The discovery was a milestone. Now that they knew the gene responsible, scientists could study how mutations in the gene make people sick. Because genes provide instructions for making proteins, a change in gene sequence can change the function or shape of a protein. A variety of mutations in the CFTR gene can cause CF. In the most common CF allele, three nucleotides within the CFTR gene are deleted. People who carry this allele produce a defective CFTR protein. This slight change wreaks havoc on the body: the lungs, sweat glands, and pancreas no longer function normally (INFOGRAPHIC 11.1).
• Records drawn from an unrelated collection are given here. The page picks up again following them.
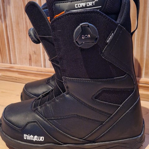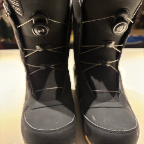 Burton Ion snowboardstøvler for herre i størrelse 43,5. Støvlene har svart ytterside med grønn innside og er designet for bruk i snøbrettaktiviteter. Disse er mer stiv enn myke og gir god støtte ved bruk. Jeg bruker størrelse 42 i vanlige sko og opplever Burton støvler som litt små på størrelsen.
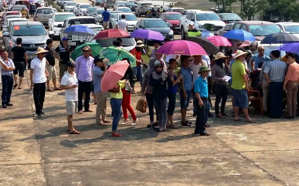 Bất chấp trời nắng như thiêu, như lửa đốt, người dân vẫn chờ nhau ký đơn.
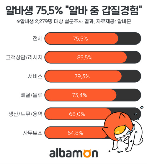 아르바이트 포털 알바몬이 최근 알바생 2279명을 대상으로 ‘아르바이트 근무 중 갑질 경험’을 주제로 설문조사한 결과 이같이 나타났다고 17일 밝혔다.
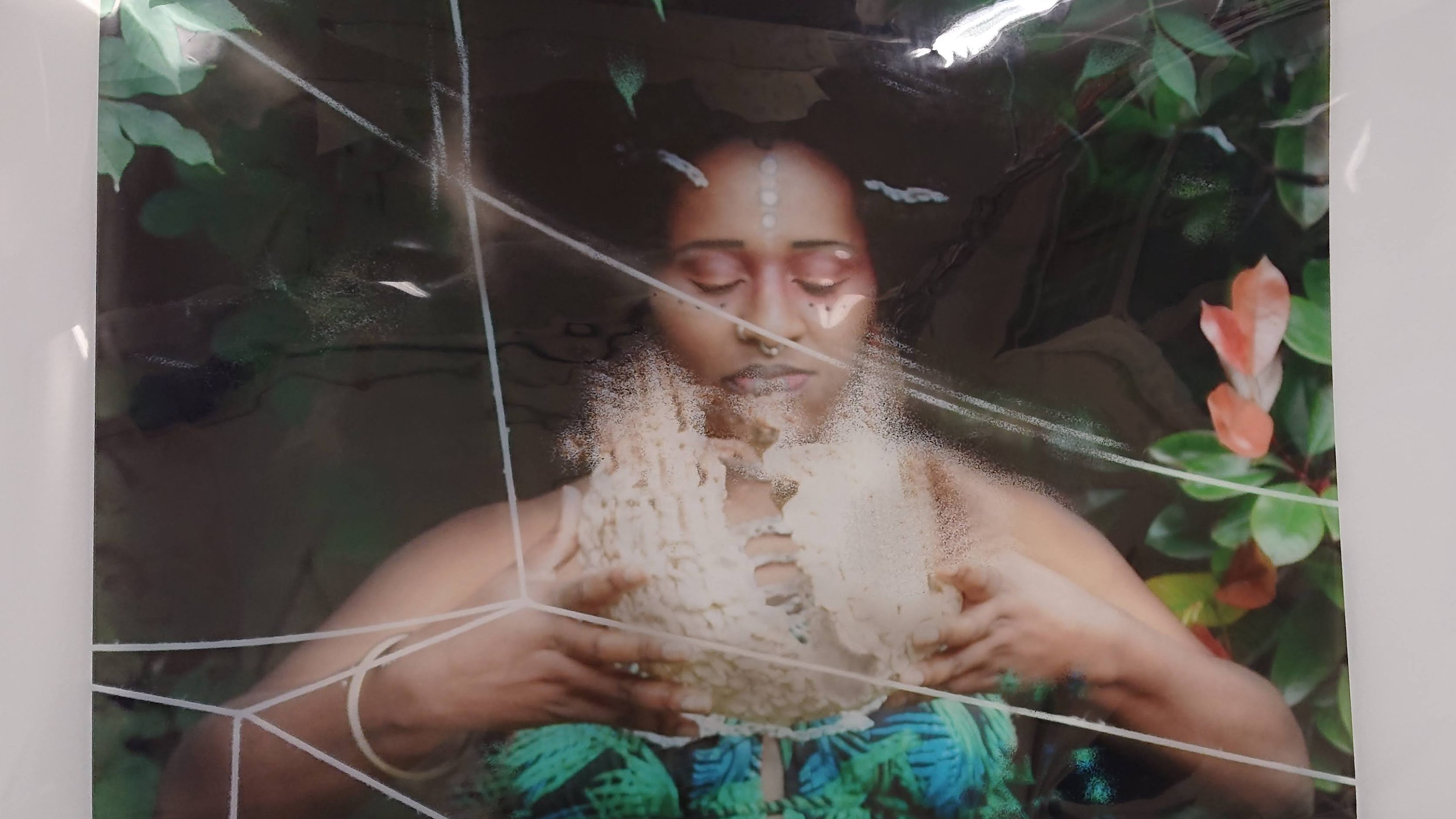 Image: Joanne Lasmin White. Anansi (2020). Photograph featuring a model with ceramic crochet vessel and necklace behind silk string silk.
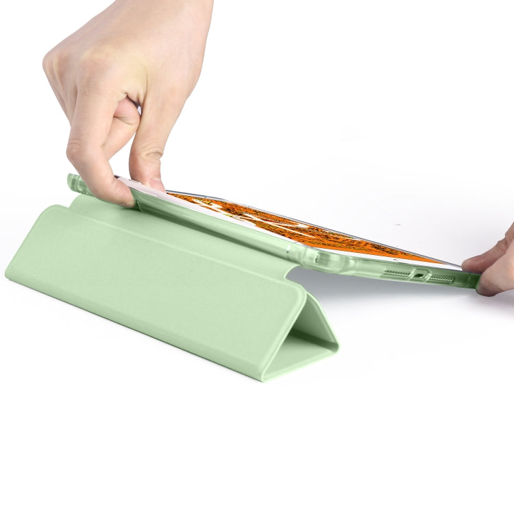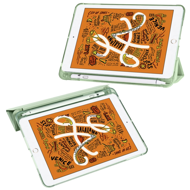 For iPad Mini 5 / Mini 4 3-folding Horizontal Flip PU Leather + Shockproof TPU Case with Holder & Pen Slot(Matcha Green)
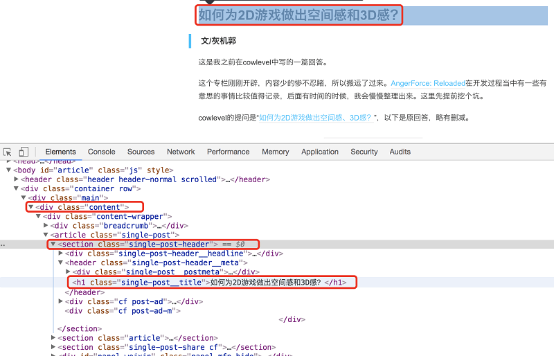 2、跟列表页的选择器一样,找到content或list之类的选择器,选择器要包含文章的标题和内容。
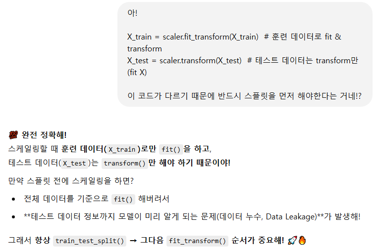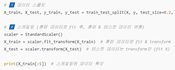 훈련 데이터는 학습(fit)까지 해야하기 때문에 scaler.fit_transform(X_train) 이 코드를 사용해야 한다.
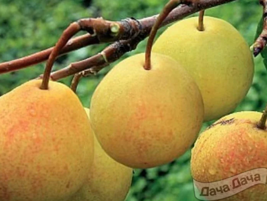 Плоды выше среднего размера (масса 151 г), бергамотообразной формы, слаборебристые. Кожица средней толщины. Основная окраска зрелых плодов светлая, желтовато-зеленая, покровная окраска отсутствует, или проявляется в виде небольшого румянца буровато-красного цвета. Подкожные точки крупные, средней численности. Плодоножка очень короткая или короткая, толстая. Воронка узкая, мелкая. Блюдце узкое, мелкое, иногда ребристое. Чашечка полуоткрытая.
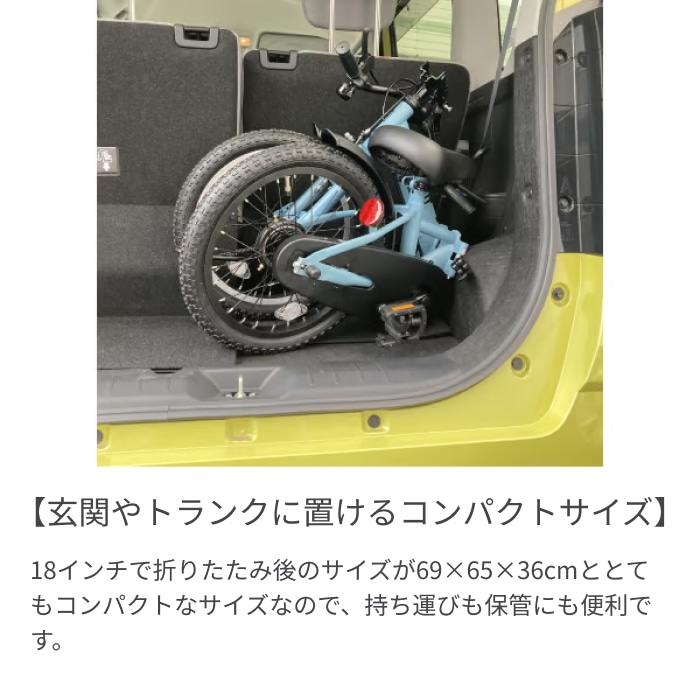 「ブレイクアウトキッズ・フォールディング」は工具不要で、折りたたみ後のサイズが69×65×36cmととてもコンパクトなので車に乗せることや、玄関にも保管が可能です。お子さまの自転車の練習やお出かけで車に乗せていつもと違った場所に行ってみませんか?

INFOGRAPHIC 11.1 CF IS CAUSED BY MUTATIONS IN THE CFTR GENE"
Cystic fibrosis (CF) is caused by a variety of mutations in the cystic fibrosis transmembrane regulator (CFTR) gene that sits on chromosome 7. One such mutation consists of a deletion of three consecutive nucleotides, which creates a CF-associated mutant allele. Consequently, the mRNA expressed from this allele has a missing codon and the resulting protein lacks an amino acid in a specific location, rendering the protein nonfunctional.

Today, more than 20 years later, scientists understand the disease better, and this has led to better drugs and therapies to treat symptoms; people with CF are living longer than ever. But despite scientific advances, there is still much to learn. One aspect of the disease that scientists are studying intensively is that people with identical CF alleles vary in the course of their disease—some have worse symptoms and live shorter lives than others. In recent years, scientists have discovered that there are other genes that contribute to a patient’s overall health—so-called modifier genes. That discovery is leading to exciting new therapies that may extend Emily’s life and the lives of thousands of other people with CF.